* _Dataset entries_:
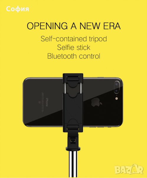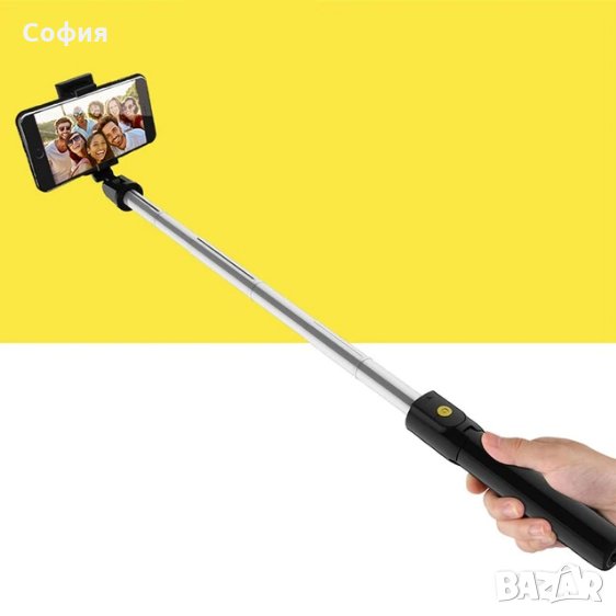 Уникален Bluetooth селфи стик, изработен от висококачествена неръждаема стомана и 360 градуса въртяща глава. Иключително лек и удобен за носене – само 132гр. а дължината му при сгънато положение е само 19,5см. Този селфи стик разполага с вграден статив/трипод и регулируемата дължина на дръжката. Също така и с преносим спусък/дистанционно, което Ви предоставя възможността да правите снимки без да държите стика. Свързването му към телефона е изключително лесно само чрез Bluetooth и без никакви кабели. Съвместим с iOS и Android. Дължината в разгънато положение е 70см. В комплекта получавате и батерия.
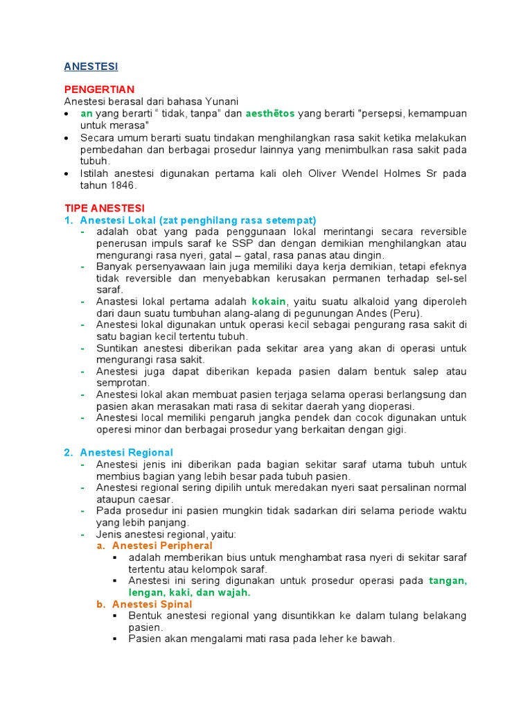 - adalah obat yang dapat menimbulkan anastesia atau narkosa (yunan = tanpa,
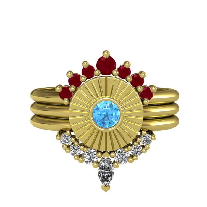 Kök yakut, akuamarin ve beyaz zirkon 18 ayar altın yüzük
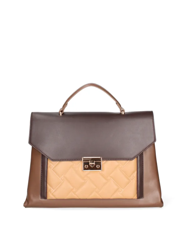 Dameshandtas met kliksluiting. één met ritssluiting en twee open binnenzakken. één achterkant met externe zakken met ritssluiting. afneembare schouderband van eco-leer. in eco-leer handvat. twee binnenvakken. extern materiaal. gevoerd met polyester binnenkant. Afmetingen: 34,5x22,5x14 cm. Modeproduct
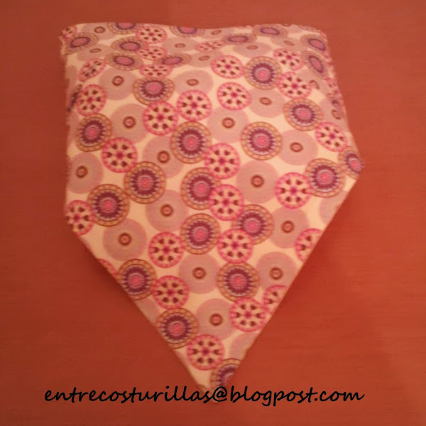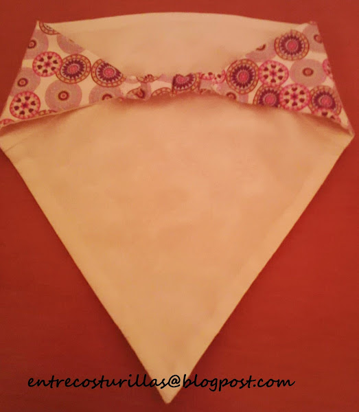 4.- Unimos la tira al pañuelo. Este paso lo he cosido a mano. Fijaros en el dibujo donde va cosido el elástico:
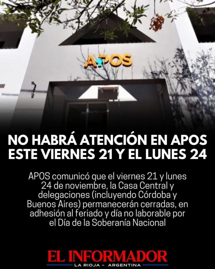 Inicio Local No habrá atención en APOS este viernes 21 y lunes 24LocalNo habrá atención en APOS este viernes 21 y lunes 24 noviembre 20, 2025FacebookTwitterPinterestVKWhatsApp Artículos relacionadosMás del autorLa provincia refuerza los protocolos escolares con nuevas medidas ante amenazas de violenciaLa Rioja promovió su potencial turístico y planteó la necesidad de apoyo nacional para sostener la actividadEl Rally riojano pone segunda en Tama el próximo 16 y 17 de MayoDEJA UNA RESPUESTA Cancelar respuestaPor favor ingrese su comentario! Por favor ingrese su nombre aquí ¡Has introducido una dirección de correo electrónico incorrecta!Por favor ingrese su dirección de correo electrónico aquí Guardar mi nombre, correo electrónico y sitio web en este navegador la próxima vez que comente.
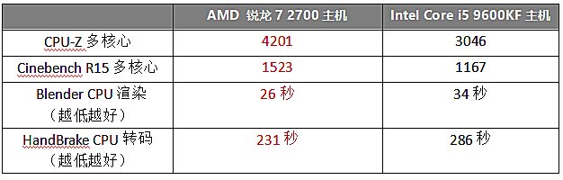 ●锐龙7 2700机型由于具备8核心16线程,在3D渲染、视频编码等专业设计应用和多任务应用中表现远超Core i5 9600KF机型。
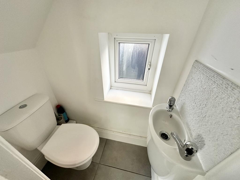 Two UPVC double glazed opaque windows to the rear aspect, three piece suite comprising; panelled bath with shower over, pedestal wash hand basin, low flush wc, cupboard housing boiler and heated towel radiator.
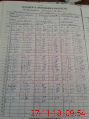 | CNIC | Full Name | Designation | R/C | Absence During Last Calender Month |
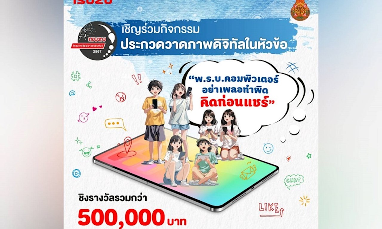 อีซูซุร่วมกับสำนักงานคณะกรรมการการศึกษาขั้นพื้นฐาน (สพฐ.) เดินหน้าจุดประกายความคิดสร้างสรรค์ทางด้านศิลป์กับเยาวชนคนรุ่นใหม่ และสร้างความตระหนักรู้เกี่ยวกับ พ.ร.บ.ว่าด้วยการกระทำความผิดเกี่ยวกับคอมพิวเตอร์ ผ่านการจัดประกวดวาดภาพรูปแบบดิจิทัลในโครงการ “อีซูซุเยาวชนสัมพันธ์” ประจำปี 2567 โดยเชิญชวนนักเรียนระดับมัธยมศึกษาสายสามัญทั่วประเทศ ร่วมส่งผลงานรูปแบบดิจิทัลสุดสร้างสรรค์ในรอบคัดเลือก ภายใต้หัวข้อ “พ.ร.บ.คอมพิวเตอร์ อย่าเผลอทำผิด คิดก่อนแชร์” ผ่านเว็บไซต์ www.isuzuyouthrelations.com ตั้งแต่วันนี้ – 31 มกราคม 2568 ชิงรางวัลทุนการศึกษาพร้อมโล่ประกาศเกียรติคุณ มูลค่ารวมกว่า 500,000 บาท
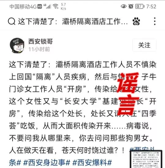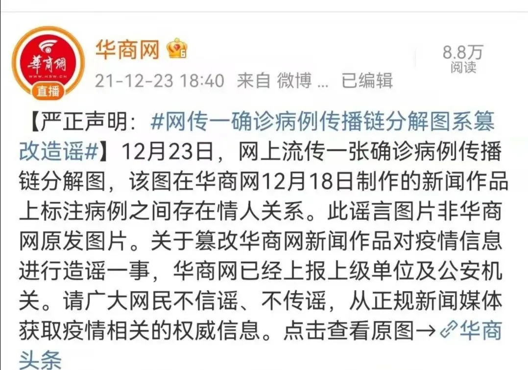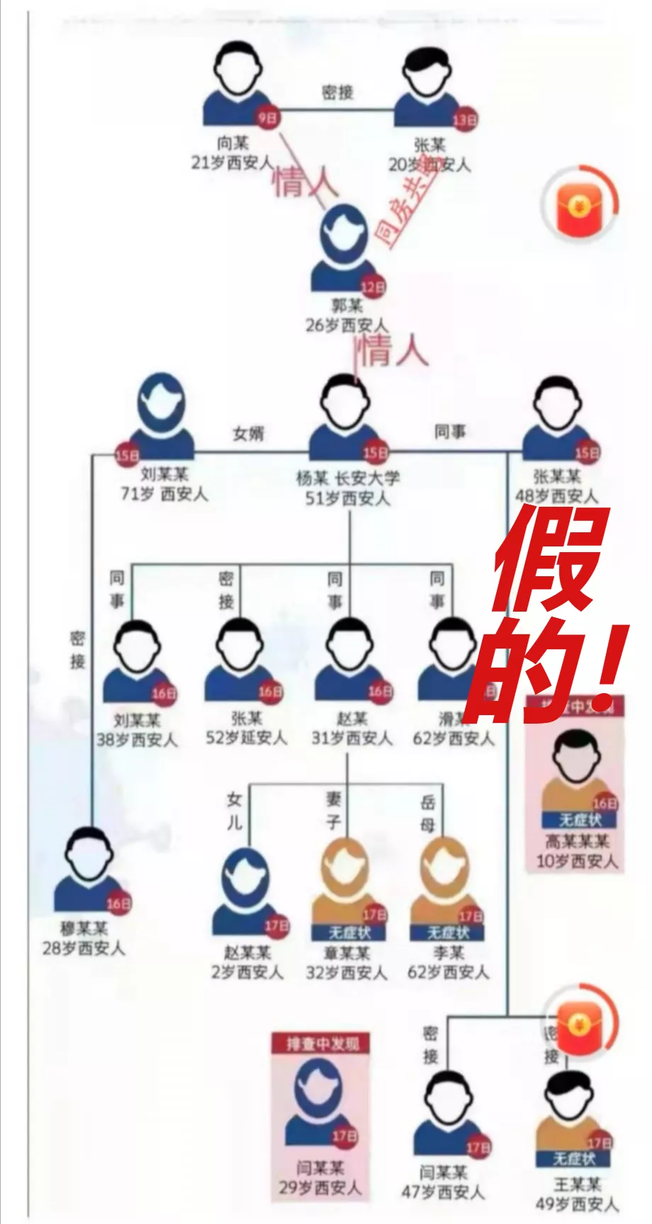 網(wǎng)上流傳一張確認(rèn)病例傳播鏈分解圖,在病例之間標(biāo)注“情人”關(guān)系,并傳言此次疫情傳播因素之一,是因為西安首例病例與子牛門診的護士為情人關(guān)系,導(dǎo)致疫情擴散,經(jīng)核實,該圖盜用華商網(wǎng)12月18日制作的新聞作品圖片。該信息為虛假信息,造謠的人已被拘留。
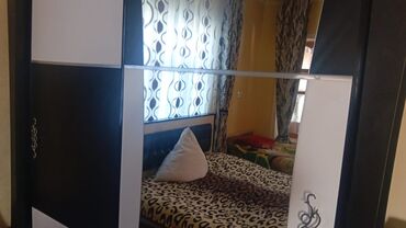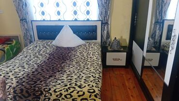 Yataq otağı mebel dəsti ikinci el Tərkibi: - 2 nəfərlik çarpayı (başlıq üzərində dekorativ relyefli elementlər, yumşaq panel) - Güzgülü makiyaj masasI/komod: 2 yan qapı bölməsi + ortada 3 ədəd çekm...
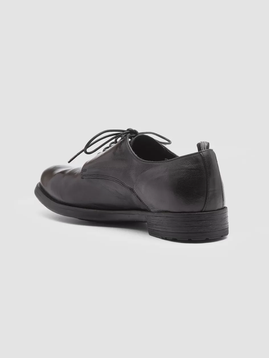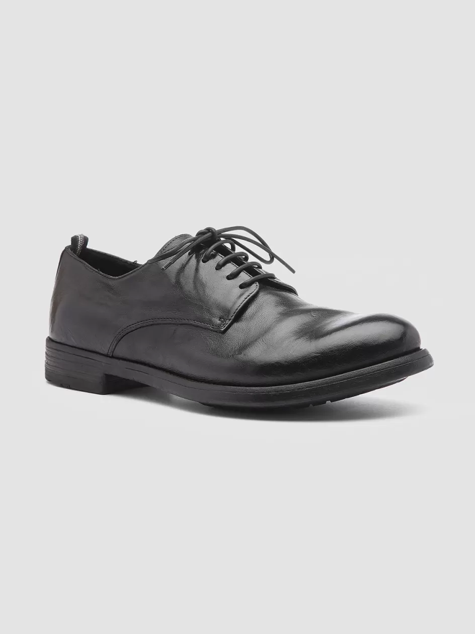 Our premium quality Hive derby shoes are a male wardrobe staple and stand out thanks to their versatile and timeless silhouette. They are crafted from fine smooth black leather and have a rounded almond toe front closure with thin waxed laces our signature grosgrain heel pull tab and a resistant caoutchouc tread sole with stacked heel.

* _Brief_: In the answer, set down only the lines from the opening line of the listing through the line that holds "- adalah obat", exactly as they appear, minus the pictures.

* _Solution to this exercise_:
 Уникален Bluetooth селфи стик, изработен от висококачествена неръждаема стомана и 360 градуса въртяща глава. Иключително лек и удобен за носене – само 132гр. а дължината му при сгънато положение е само 19,5см. Този селфи стик разполага с вграден статив/трипод и регулируемата дължина на дръжката. Също така и с преносим спусък/дистанционно, което Ви предоставя възможността да правите снимки без да държите стика. Свързването му към телефона е изключително лесно само чрез Bluetooth и без никакви кабели. Съвместим с iOS и Android. Дължината в разгънато положение е 70см. В комплекта получавате и батерия.
 - adalah obat yang dapat menimbulkan anastesia atau narkosa (yunan = tanpa,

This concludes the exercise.